◆ **Instructions to follow**
Repeat the whole listing below precisely. Omit all pictures.

◆ **Supplied information**
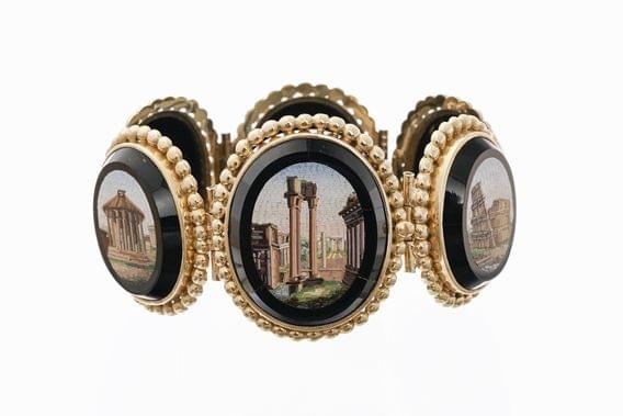 56. Bracelet composé de six motifs ovales en micro-mosaïque représentant des vestiges de monuments romains
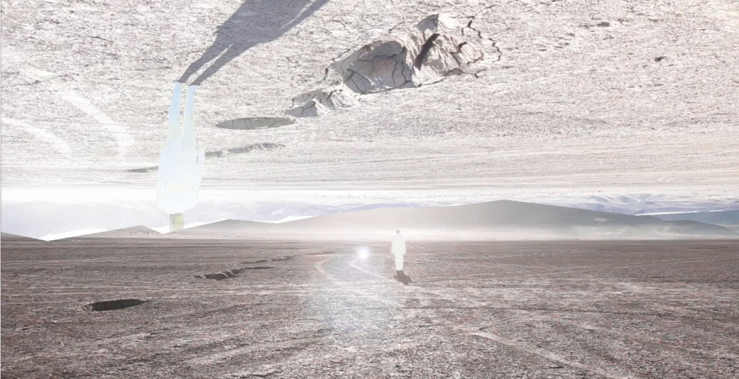 “A Parallel Collapse” is a continuation of my last video piece “A Virtual Body In A Simulated World–According To A Cartesian Plane.” The artist’s body is clothed in a green screen suit and super-imposed with a white matte still frame. The video footage has been edited and combined in such a way that the horizons disappear into each other– the two parallel worlds meld into one and occur simultaneously. The figure within the frame performs repetitive actions ranging from falling to walking in a line. The walking figure continually dissolves into a walking figure. The body appears in motion; however, it never accomplishes traversing a significant distance. The falling action is followed by another falling action. These two frames are juxtaposed next to each other, placing emphasis on the continual collapse action and the circular walking motion.
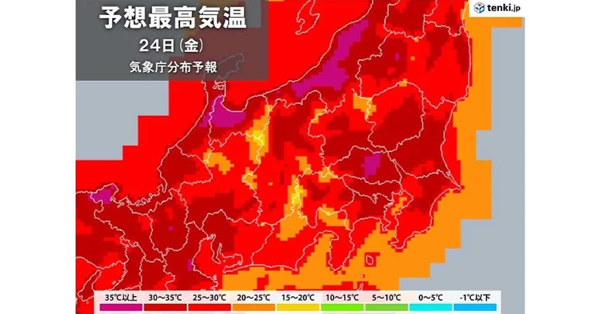 関東は24日(金)は厳しい暑さでしょう。25日(土)と26日(日)も強い日差しが照り付け、内陸部を中心に最高気温が35℃以上となり、猛暑日に。熱中症対策を万全になさってください。

◆ **The answer**
 56. Bracelet composé de six motifs ovales en micro-mosaïque représentant des vestiges de monuments romains
 “A Parallel Collapse” is a continuation of my last video piece “A Virtual Body In A Simulated World–According To A Cartesian Plane.” The artist’s body is clothed in a green screen suit and super-imposed with a white matte still frame. The video footage has been edited and combined in such a way that the horizons disappear into each other– the two parallel worlds meld into one and occur simultaneously. The figure within the frame performs repetitive actions ranging from falling to walking in a line. The walking figure continually dissolves into a walking figure. The body appears in motion; however, it never accomplishes traversing a significant distance. The falling action is followed by another falling action. These two frames are juxtaposed next to each other, placing emphasis on the continual collapse action and the circular walking motion.
 関東は24日(金)は厳しい暑さでしょう。25日(土)と26日(日)も強い日差しが照り付け、内陸部を中心に最高気温が35℃以上となり、猛暑日に。熱中症対策を万全になさってください。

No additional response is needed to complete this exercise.